3. The Cosi on 6th Avenue. This one is raw, you guys. I was all excited two weeks ago because I found a Cosi near my new office in Chelsea. At about 1pm, I went in, walked up to the counter, flashed a smile and waited for the cashier to finish her conversation with another employee. "Oh, hi, ma'am," she said as she turned to face me. Quickly catching herself, she proceeded to HOWL with laughter as I just stood there like a mute dunce. "Oh, I am so sorry, sir. I just wasn't paying attention. I cannot believe I called you 'ma'am.' Oh my god." She then turned to the friend she had just been talking to and said, "Did you hear I just called him 'ma'am'?" Smooth as ever, I stammered, voice nearly cracking, "You can call me whatever you want, I don't mind!" (Cast me in the new Superman movie ASAP, Warner Bros.!)

She laughed while I looked away, mortified. I ordered a chicken Caesar salad, but she paused before ringing it up. "You're sure you don't want shrimp or... steak instead?" she asked, inexplicably shuddering when she said the word "steak." "Um, no, why?" I asked, "Is the chicken, like, bad or something?
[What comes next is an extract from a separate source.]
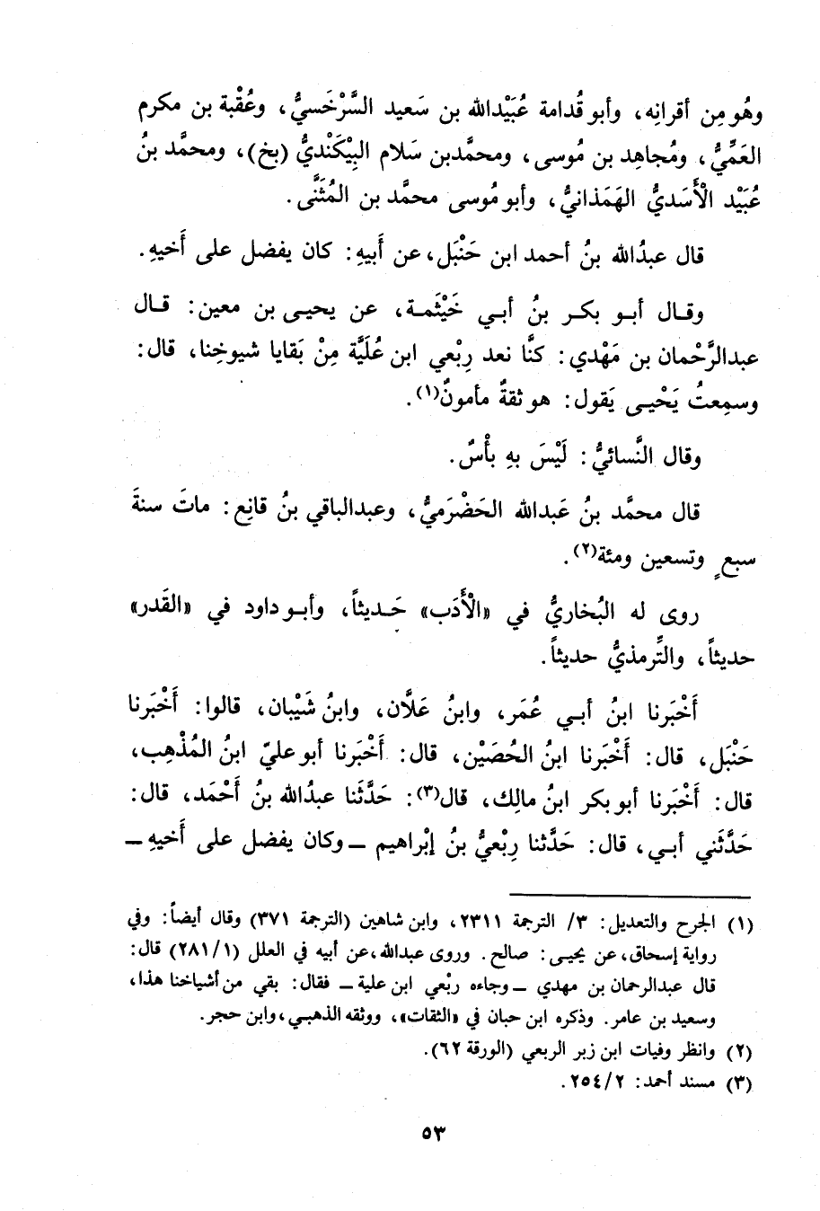 أخبرنا ابْنُ أَبي عُمَر، وابْنُ علان، وابن شيبان، قَالُوا: أخبرنا حنبل، قال: أخبرنا ابن الحصين، قال: أَخْبَرَنَا أَبُو عَلِيِّ ابْنُ الْمُذْهِب، قال: أَخْبَرَنَا أبو بكر بْن مالك، قال (3) : حَدَّثَنَا عَبد اللَّهِ بْن أَحْمَدَ، قال: حَدَّثني أَبِي، قال: حَدَّثَنَا رَبْعِيُّ بْنُ إِبْرَاهِيمَ - وكَانَ يَفْضُلُ عَلَى أَخِيهِ -

Are you warning me?" "Omigod, NO," she said, "I just, you know, wanted you to be sure." I fumbled with my change and said, "Uh, well, you're kind of making me feel less sure, but I think I'll stick with chicken... I guess?"

The next day I walked to Cosi, looked in the door, saw that she was at the register and... I decided to keep walking and go to Chipotle.
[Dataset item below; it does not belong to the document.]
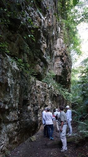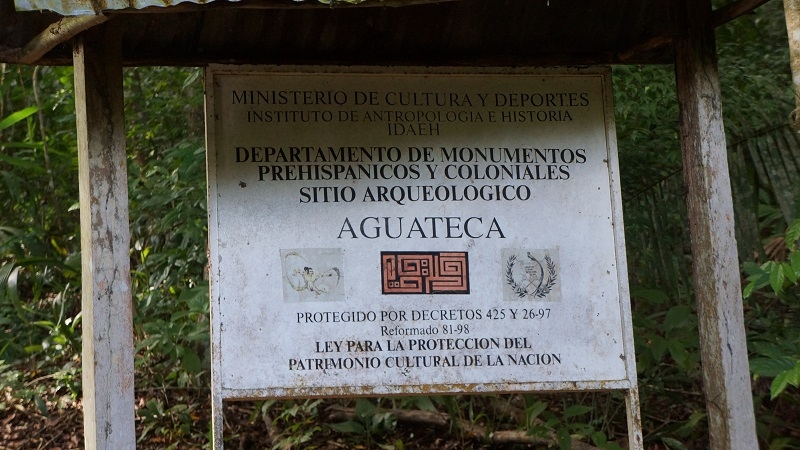 Nach dem Bezug unserer zugeteilten Hütten starten wir zum Ausflug zur Mayasiedlung Aguatecá. Mit dem Langboot fahren wir über den See und den Arroyo Petexbatún zu einer Landestelle. Hier kündigen alte, verblichene und teilweise zerstörte Hinweistafeln an, dass sich hier in der Nähe die archäologische Mayastätte Aguatecá befindet. Über eine mit halb verfaulten Brettern, zum Teil notdürftig geflickt, und unregelmässig hohen Stufen gelangen wir zum Eingangsgebäude, dessen Dach ganz fehlt, dessen Fensterscheiben weitgehend zerstört sind und dessen Mobiliar mir Ausnahme eines halb verfaulten Stehpultes inexistent ist. Immerhin ist ein Museumswächter da, der seinen Dienst hier weit abgeschieden von jeglicher Zivilisation wahrnimmt. René erklärt uns anhand eines Übersichtsplans die Anlage und die geschichtlichen Hintergründe. Dann machen wir uns auf den Rundgang, der zuerst am Fuss einer rund 50 m hohen Kalkwand entlang durch dichten Wald führt. Der Weg ist mit glitschigen feuchten Steinen übersät und Baumwurzeln überqueren ihn in alle Richtungen. Wir gelangen zu einem Unterstand, einem Aussichtspunkt hoch über dem See und der Ebene. Nach einem weiteren Aufstieg teilen wir uns in zwei Gruppen auf. Die eine nimmt den etwas einfacher angelegten Pfad zum Wohnsitz des damals hier herrschenden Mayafürsten. Zu sechst steigen wir in einen bis zu dreissig Meter hohen, engen Canyon hinunter und gehen einige hundert Meter der Sohle entlang bis zum Aufstieg, der uns wieder zur anderen Gruppe zurückführt. Und natürlich begegnen wir wiederum den Brüllaffen, deren lauthalse Proteste uns schon die ganze Zeit aus der Ferne begleiteten. Wir treffen nach kurzer Zeit unsere Gefährten, und René gibt uns die Erklärungen zu den hier stehenden Ruinen, die bis zur Zeit des Niedergangs der Mayakultur im 9. Jahrhundert bewohnt und dann als Folge feindlicher Angriffe verlassen wurden.
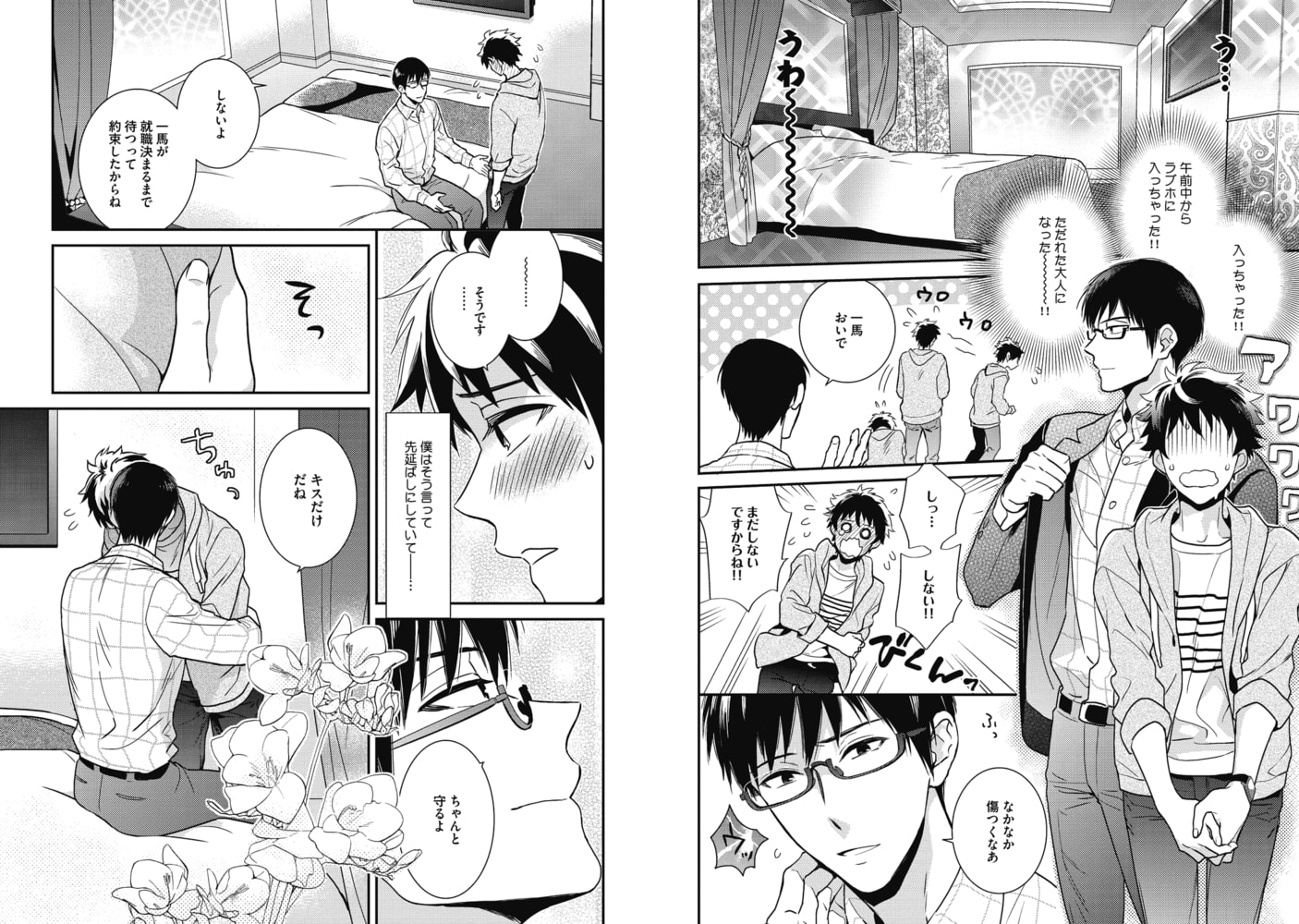 大学生の一馬と社会人の平は恋人同士。 平のことは大好きだけど、一馬はキス以上の関係になるのはまだまだ不安…。 そんなお預け状態に痺れを切らした平はあの手この手で一馬を開発し始めたけど――!? 触りたい…その……乳首!!!

Tuesday, November 16, 2010

recent developments

1) Last week I achieved two feats which made me severely depressed about the amount of time I spend on the internet: a) I was able to fully detail the plot of last Tuesday's episode of Glee via gchat BEFORE I watched it (an excerpt: "kurt gets bullied hardcore by this big meathead / and then at the end the meathead kisses him / it gets better, all bullies are actually gay, etc.") and b) After digging myself into a giant hole on a date by lying that I "sometimes watch" The Vampire Diaries (holes don't get more giant, right?) I was able to successfully have a five-minute conversation about the show without letting on I had never seen an episode ("Oh, totally agree... nothing is worse than a dual identity story line," "Are they serious with the werewolves plot this season?," etc.).

2) I wore the same button-down shirt as an overshirt on Wednesday, Thursday, Friday and Saturday nights last week. REAL LIFE GOSSIP GIRL OVER HERE

3) Sunday night I scrolled through a 78-picture Facebook album that I had already clicked through at least twice exclusively to see if there had been any untaggings since I had last checked.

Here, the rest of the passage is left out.